The company’s broader platform strategy extends beyond Texas. In Lea County, New Mexico, New Era has also secured a land option purchase agreement for approximately 3,500 acres for a separate multi-gigawatt AI infrastructure campus.
The new $290 credit facility
The transaction establishes a multi-tranche senior secured term loan credit facility of up to $290 million with the Commodities and Global Markets business of Macquarie Group. The structure includes a $20 million committed Term Loan A-1, a $30 million Term Loan A-2, a $40 million Term Loan A-3, and a $200 million delayed draw term loan, subject to conditions precedent. The loans mature on the third anniversary of closing.
New Era said the proceeds will support development and construction of the Texas Critical Data Center project and will also be used for general corporate purposes, including acquisition, improvement, and equipping of project properties. The package also includes a $5 million common stock purchase by Macquarie at a 20% premium to the five-day VWAP, plus up to $5 million of warrants tied to the first $50 million drawn.
This is relevant because the financing is being put in place at project level rather than simply as broad corporate liquidity. That usually signals a more advanced degree of project definition and a clearer pathway toward construction execution, even if a formal notice to proceed to a contractor has not yet been announced.

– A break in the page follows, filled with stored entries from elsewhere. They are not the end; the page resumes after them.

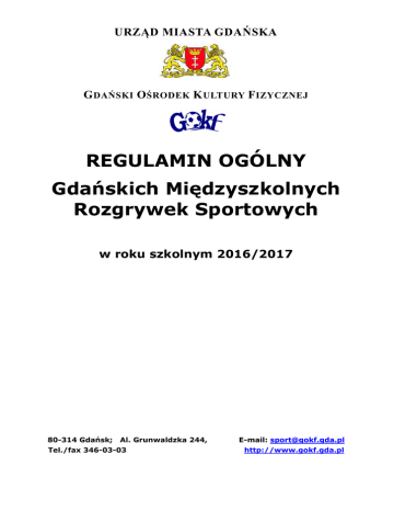 URZĄD MIASTA GDAŃSKA G DAŃSKI O ŚRODEK K ULTURY F IZYCZNEJ REGULAMIN OGÓLNY Gdańskich Międzyszkolnych Rozgrywek Sportowych w roku szkolnym 2016/2017 80-314 Gdańsk; Al. Grunwaldzka 244, Tel./fax 346-03-03 E-mail: [email protected] http://www.gokf.gda.pl Zasady Współzawodnictwa Gdańskich Międzyszkolnych Rozgrywek Sportowych I. 1. POSTANOWIENIA OGÓLNE Miejskie, gminne i powiatowe Gdańskie Rozgrywki Sportowe Młodzieży Szkolnej j gdańskich Szkół stanowią integralną część rozgrywek od szczebla szkolnego do szczebla centralnego /ogólnokrajowego/. 2. Gdańskie Rozgrywki organizowane są w trzech kategoriach wiekowych: a) Gdańskie Igrzyska Młodzieży Szkolnej - Mistrzostwa gdańskich Szkół Podstawowych b) Gdańska Gimnazjada - Mistrzostwa gdańskich Gimnazjów c) Gdańska Licealiada - Mistrzostwa gdańskich Szkół Ponadgimnazjalnych. 3. Szkolny Związek Sportowy w związku z zaleceniami Ministerstwa Sportu i Turystyki w bieżącym roku szkolnym wprowadza systemie współzawodnictwa sportowego szkół następujące zmiany dotyczące udziału szkół we współzawodnictwie międzyszkolnym. Zmiany te mają ułatwić transparentność realizowanego systemu zawodów jak również rozszerzyć możliwość uczestnictwa w zawodach uczniów o mniejszym potencjale sportowych umiejętności. - SYSTEM REJESTRACJI SZKÓŁ – obowiązek zgłaszania szkół do rozgrywek przez system SRS srs.szs.pl do 15.09.2016r. Zgłoszenia do zawodów tylko na wygenerowanych drukach z SRS –u. Bez wypełnionych prawidłowych zgłoszeń na zawody /rejestracja i wydruk SRS / zespoły nie mogą być dopuszczone do rozgrywek. 4. Współzawodnictwo sportowe gdańskich Szkół przebiegać będzie zgodnie z niniejszym „Regulaminem” oraz regulaminami zawartymi w Kalendarzu Imprez Sportowych SZS 5. W sprawach nie ujętych w niniejszym „Regulaminie”, a dotyczących sposobu przeprowadzenia zawodów sportowych, stosuje się przepisy zawarte w „Regulaminach Szczegółowych” dla poszczególnych dyscyplin sportowych oraz w przepisach Polskich Związków Sportowych. 6. Zasady awansu do poszczególnych etapów współzawodnictwa zawarte są w „Regulaminach Szczegółowych”. II. CEL WSPÓŁZAWODNICTWA 1. Celem współzawodnictwa jest upowszechnianie sportu wśród młodzieży szkolnej, aktywne uczestnictwo dzieci i młodzieży w szkolnych i międzyszkolnych imprezach sportowych stanowiących kontynuację celów i zadań wychowania fizycznego i zdrowotnego, propagowanie zdrowego stylu życia, oraz w wybranych dyscyplinach wyłonienie szkoły, która zdobędzie tytuł Mistrza Polski Szkół. III. FINANSOWANIE 1. Finansowanie poszczególnych etapów Igrzysk Sportowych: a) o Mistrzostwo Szkoły - Szkoły ze środków własnych, b) o Mistrzostwo Gdańska - Gdański Ośrodek Kultury Fizycznej ze środków Wydziału Rozwoju Społecznego Urzędu Miejskiego w Gdańsku, c) o Mistrzostwo Województwa Pomorskiego - Zarząd Pomorskiego Wojewódzkiego Szkolnego Związku Sportowego w Gdańsku - ze środków Urzędu Marszałkowskiego w Gdańsku, d) o Mistrzostwo Polski - Zarządy Wojewódzkie Szkolnych Związków Sportowych na zlecenie Zarządu Głównego Szkolnych Związków Sportowych ze środków Funduszu Rozwoju Kultury Fizycznej – Departamentu Sportu Powszechnego Ministerstwa Sportu i Turystyki. IV. ORGANIZACJA Organizatorem współzawodnictwa na wszystkich szczeblach jest Szkolny Związek Sportowy. 1. Nadzór nad całością systemu współzawodnictwa sportowego dzieci i młodzieży objętego niniejszym Kalendarzem sprawuje Szkolny Związek Sportowy. 2. Na poszczególnych szczeblach zawodów bezpośrednimi organizatorami imprez są: a. w szkole – nauczyciel wychowania fizycznego Szkolny Klub Sportowy, Uczniowski Klub Sportowy, b. w mieście (gmina/powiat) - Organizator Imprez – Gdański Ośrodek Kultury Fizycznej c. w województwie - Wojewódzki Szkolny Związek Sportowy d. finały krajowe - Zarząd Główny SZS we współpracy z Wojewódzkimi SZS. 3. Każda szkoła chcąca wziąć udział w międzyszkolnym współzawodnictwie sportowym ma obowiązek zarejestrowania się poprzez System Rejestracji Szkół (SRS) do 15.09.2016 r. oraz przesłanie wstępnego zgłoszenia na druku GOKF podpisanego przez dyrektora szkoły do koordynatora rozgrywek w Gdańskim Ośrodku kultury Fizycznej. Przed rozpoczęciem rozgrywek w danej dyscyplinie należy poprzez system SRS zgłosić zespół szkolny do zawodów poprzez wygenerowanie (wydruk zgłoszenia). Tylko na wygenerowanych drukach z SRS –u będą honorowane przez organizatora zawodów. Bez wypełnionych prawidłowych zgłoszeń na zawody /rejestracja i wydruk SRS / zespoły nie mogą być dopuszczone do rozgrywek. 4. Gdański Ośrodek Kultury Fizycznej opracowuje „Kalendarz Gdańskich Szkolnych Igrzysk Sportowych” oraz „Regulaminy Szczegółowe” dla poszczególnych dyscyplin sportowych w oparciu o „Wojewódzki Kalendarz Zawodów” oraz „Regulamin Szczegółowy” Pomorskiego Wojewódzkiego Szkolnego Związku Sportowego oraz przepisów Polskich Związków Sportowych. 5. Koordynację Gdańskich Szkolnych Igrzysk Sportowych w poszczególnych typach Szkół prowadzą wyznaczeni przez dyrektora Gdańskiego Ośrodka Kultury Fizycznej koordynatorzy dyscyplin sportowych. 6. Koordynator odpowiedzialny za daną dyscyplinę sportową przed rozpoczęciem rozgrywek powiadamia Szkoły o terminie ich rozpoczęcia. 7. W przypadku zainteresowania udziałem w danej dyscyplinie sportowej każda Szkoła ma bezwzględny obowiązek przed ich rozpoczęciem rozgrywek potwierdzić swój udział w terminie podanym w komunikacie. 8. Brak potwierdzenia i rejestracji wyklucza możliwość udziału reprezentantów Szkoły w rozgrywkach w danej dyscyplinie sportowej. 2 9. 10. 11. 12. a) b) c) d) 13. V. 1. 2. 3. 4. 5. 6. 7. 8. 9. 10. 11. 12. 13. VI. 1. 2. 3. 4. Współorganizatorami są wszystkie Szkoły uczestniczące w rozgrywkach, na których ciąży obowiązek zgodnego wspó
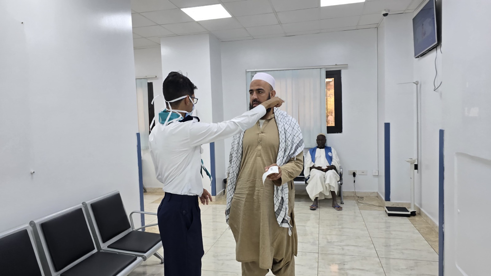 كما يسهم الفتية والشباب في تقديم الدعم والمساعدة للزوار المرضى داخل المستوصفات الصحية المحيطة بالمسجد النبوي، ضمن جهود متكاملة تهدف إلى تعزيز راحتهم وسلامتهم بعد أداء مناسكهم، في صورة تجسّد معاني التطوع والانتماء الوطني.
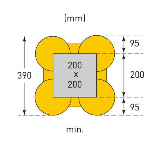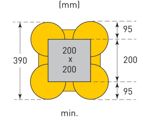 principales dimensions du Moravia système de protection anticollision MORION ECO en un coup d'œil :La structure flexible permet une adaptation sans problème à différentes tailles de colonne. Il suffit pour cela de découper les traverses sur place dans la longueur souhaitée. La graduation par pas de 50 mm facilite l'installation. en polyéthylène résistant aux chocs, coloris jaune. Pour la fixation, les quatre côtés sont insérés les uns dans les autres puis vissés - un ancrage au sol ou sur la colonne n'est pas nécessaire.
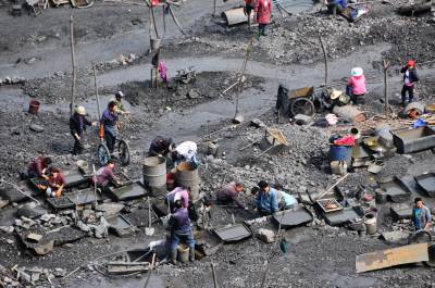 自主矿区筑墙保护后,山前鲍峡镇矿渣场扒矿渣捡绿松石的村民减少。山后胡家营洄水沟村成了扒矿渣捡绿松石的主战场,村民架水管从山下抽水几公里上山,将水畜存到用塑料布铺在挖好的坑里,用水冲矿渣找细小绿松石提高工效好几倍,每家每户以扎杆为界,势力大的地盘就大一些,每天矿渣场上用水淘矿渣捡绿松石的场面热闹非凡,象似赶庙会。
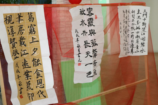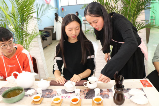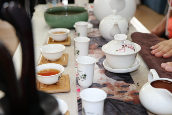 点画如高峰坠石,磕磕然实如蹦也;横画如千里阵云,隐隐然其实有形……书法与美术协会的作品展示,让观众体会到了挥斥方遒的乐趣。还有茶艺的展示专区,用普洱茶,为观众奉茶。熟普茶汤色泽橙黄浓厚,香气高锐持久,香型独特,滋味浓醇。
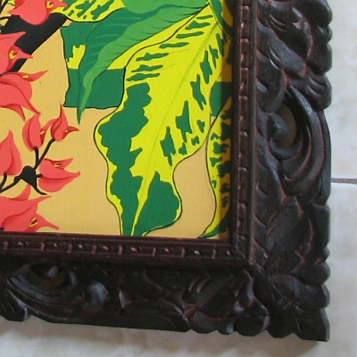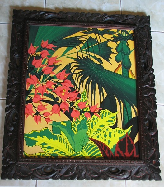商品の仕様 商品名 アクリル画 原産地 インドネシア 状態 新品 額縁 木彫額縁 吊り下げ金具 額の裏面に吊り下用紐付き
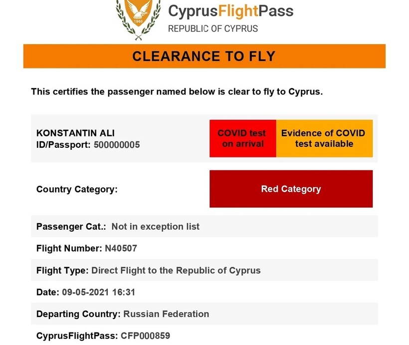 После заполнения анкеты каждый получает Cyprus Flight Pass. Это специальный код, необходимый для въезда в государство.
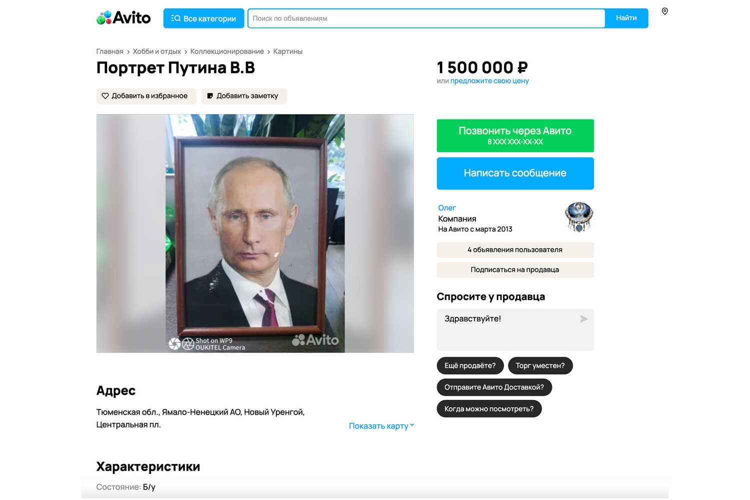 В Новом Уренгое продают портрет президента России, его владелец планирует отдать вырученные с продажи деньги на нужды СВО. На объявление, опубликованное на «Авито», обратило внимание агентство Ura.ru.
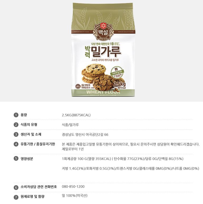 밀가루(박력,백설,2.5kg)
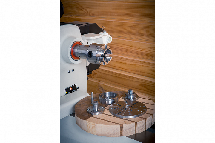 Токарный патрон, диаметр 70 мм, присоединительная резьба 1х8''TPI, комплект сменных кулачков, адаптер с 1х8''TPI на M33х3.5, зажимной ключ под квадрат, делительное приспособление на патроне, винтовая вставка, ключ шестигранный, кейс.
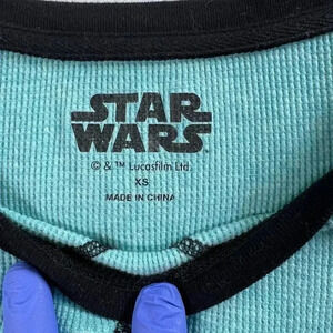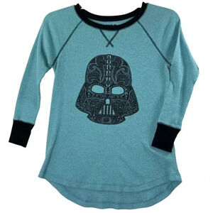 Darth Vader Star Wars womens sleep set XS sleepwear waffle knit lounge set Fifth Sun teal and black baseball sleeves Lucas Film comfy loungewear sleepwear gift fan apparel
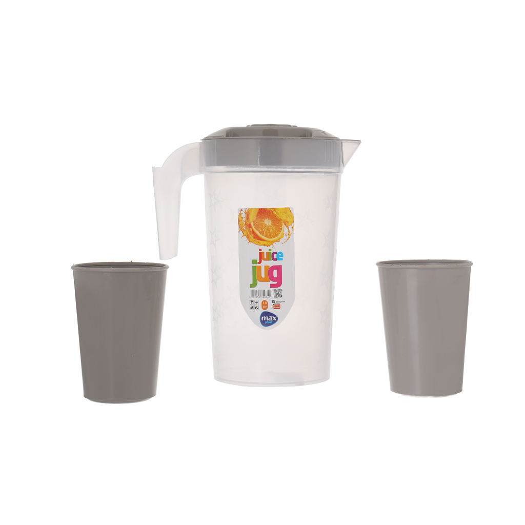 العلامة التجارية: ماكس بلاست النوع: دورق اللون: رمادي داكن عدد القطع: 3 قطع المقاس : 1.8 لتر الخامة: بلاستيك دورق مياة بسعة 1.8 لتر عدد 2 كوب بلاستيك
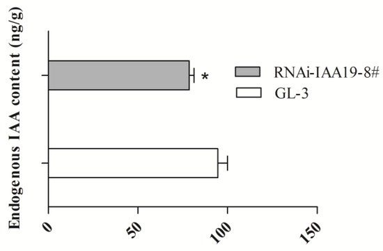 Endogenous auxin levels in GL-3 and RNAi-IAA19-8# leaves. The asterisks above the error bars indicate significant differences at p < 0.05 using a one-way ANOVA and Dunnett’s test.
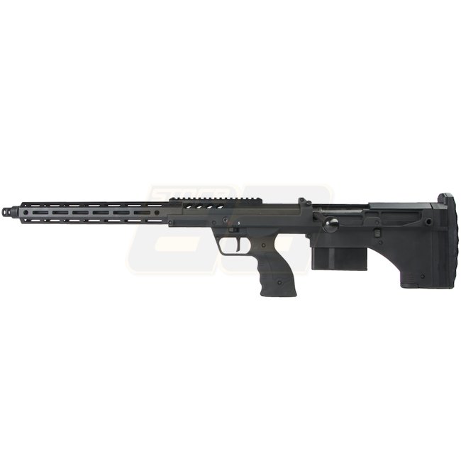 Silverback Desert Tech SRS A2/M2 22 pouces main gauche - Noir, système à ressort, crosse en métal/nylon, chargeur de 25 billes, longueur de 880 mm, poids de 2800 g, longueur du canon interne de 560 mm, filetage de bouche de 14 mm, vitesse de bouche de 410
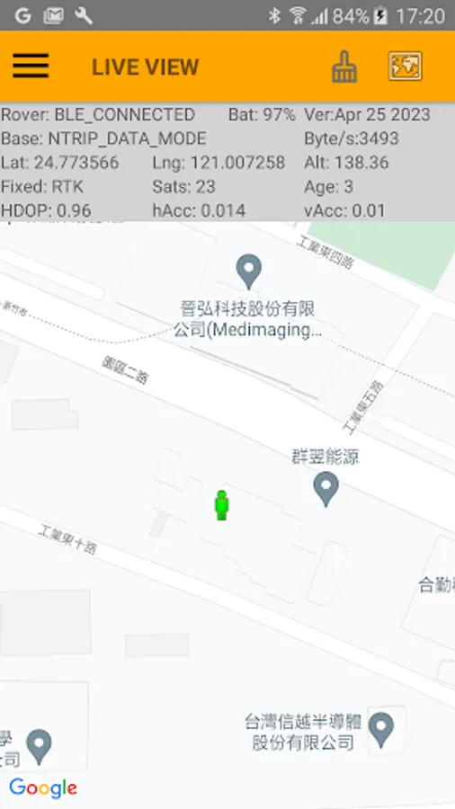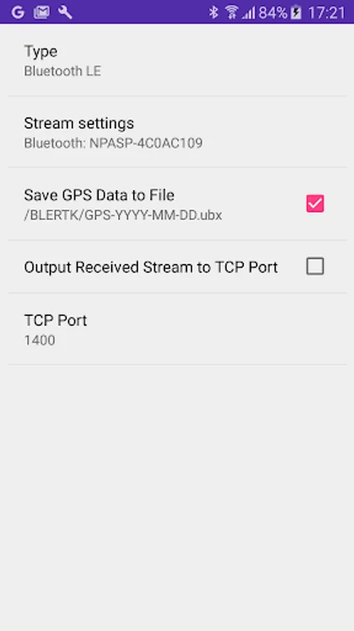 Receive GPS data and input correction data from/to GR9029 receiver via Bluetooth LE.
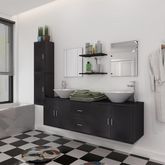 Cet ensemble complet comprend 1 armoire de lavabo murale, 2 armoires murales, 2 miroirs, 2 etageres et 2 lavabos et complete parfaitement votre salle de bain en optimisant votre espace sans compromettre le style.
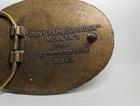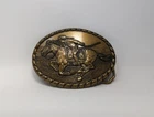This vintage belt buckle is a must-have for collectors of Western Americana. Made by Mervyn's in 1981, it features a design of a Pony Express rider and commemorates the legacy of this iconic mail delivery service. The buckle was crafted in the United States and has a unique charm that will add character to any belt. Thanks for looking!
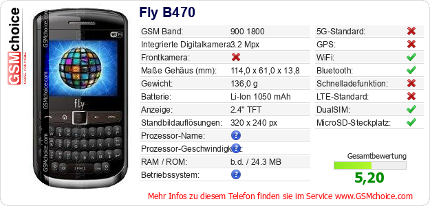 Hast du eigene Webseite? Willst du die Informationen über Standarddaten des Handys Fly B470 irgendwo veröffentlichen? Das ist sehr einfach. Du kannst das Bild herunterladen oder kopieren und auf der Webseite folgenden Code hinzufügen:Das Einfügen von diesem Code verursacht das Anzeigen von dem folgenden Bild:
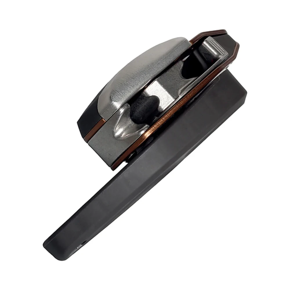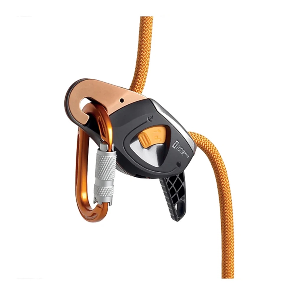 with an unloaded rope, the locking mechanism can be deactivated by pressing the cam and thus the rope can be pulled out of the device without using the lever - this allows the device to be used, for example, for belaying a lead climber or for quick movement on a flat roof
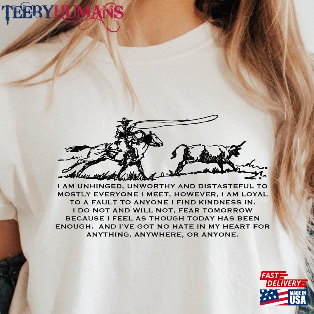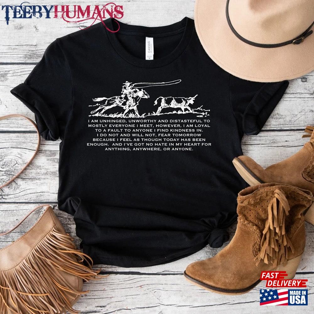 Country Music Song Lyrics Shirt I Do Not And Will Fear Tomorrow Zach Bryan Horse Cowboy Roping T-Shirt Sweatshirt
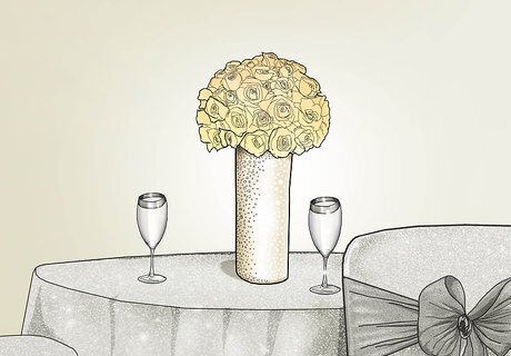 Go for sparkly, snow-related decorations. Incorporate snow into your decorations. Pick light white, gray, and ivory decorations that sparkle a little. This will remind guests of snow, which is often a staple of the Christmas season. Have glittery white vases holding flowers as the centerpiece of each table. Use sparkly gray or white tablecloths for tables at the reception. Crystal can also have a snow-like feel, so opt for crystal glasses, plates, and silverware during the reception.
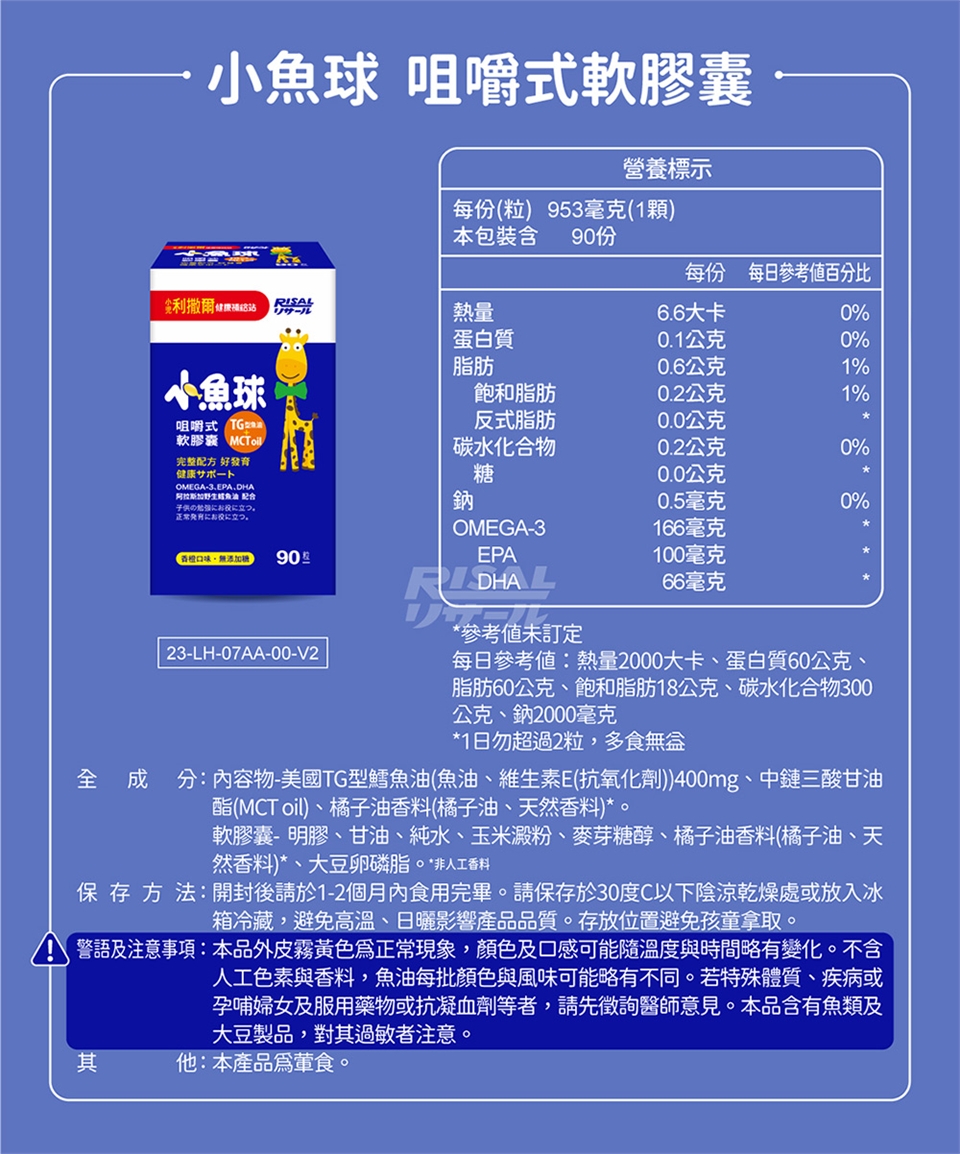 本品含有魚類及大豆製品,對其過敏者注意。

The structure also suggests a staged funding approach aligned to project progression rather than a one-time capital injection. That is common where owners want to preserve flexibility while still securing enough committed capital to move land, power, and enabling works forward ahead of full-scale deployment.
TDCD - Project Delivery Insights
Large-scale data center campuses are typically constrained by power access, grid interconnection timing, equipment lead times, and phased construction sequencing. That matters because securing capital is only one part of the execution equation; owners still need to align civil works, utility infrastructure, shell delivery, fit-out strategy, and tenant timing.
In this case, the project’s 1+ GW ambition strongly suggests a phased delivery pathway rather than a single build-out. That type of staging is common in digital infrastructure because it allows capital deployment, utility readiness, and customer demand to be matched progressively instead of front-loading all delivery risk into a one-time construction package.
The company’s Texas project page also indicates a behind-the-meter power model, strategic energy partnerships, and the use of critical generation equipment to support anchor tenant development and future expansion. That is important because it shows the project is not just competing on land availability, but on integrated energy strategy, which is increasingly becoming the decisive differentiator for large AI campuses.
Digital Infrastructure Outlook
This financing reinforces the shift in digital infrastructure from smaller standalone data halls toward large, master-planned campuses backed by structured project finance.
That trend is visible in projects such as CoreWeave’s multi-billion dollar AI data center campus in Pennsylvania and earlier construction milestones like Meta’s $800 million data center in Indiana.
This is relevant because rising demand from AI infrastructure and high-performance computing is driving owners to secure land, power, and financing earlier in the development cycle. It also suggests that project financing and construction sequencing are becoming just as important to competitive positioning as tenant demand itself.
For contractors, advisers, and infrastructure investors, the implication is clear: data center delivery is increasingly behaving like heavy infrastructure, not just commercial real estate. In that context, milestones such as project-level debt, powered land strategy, and long-term offtake optionality are becoming as important as the building works themselves.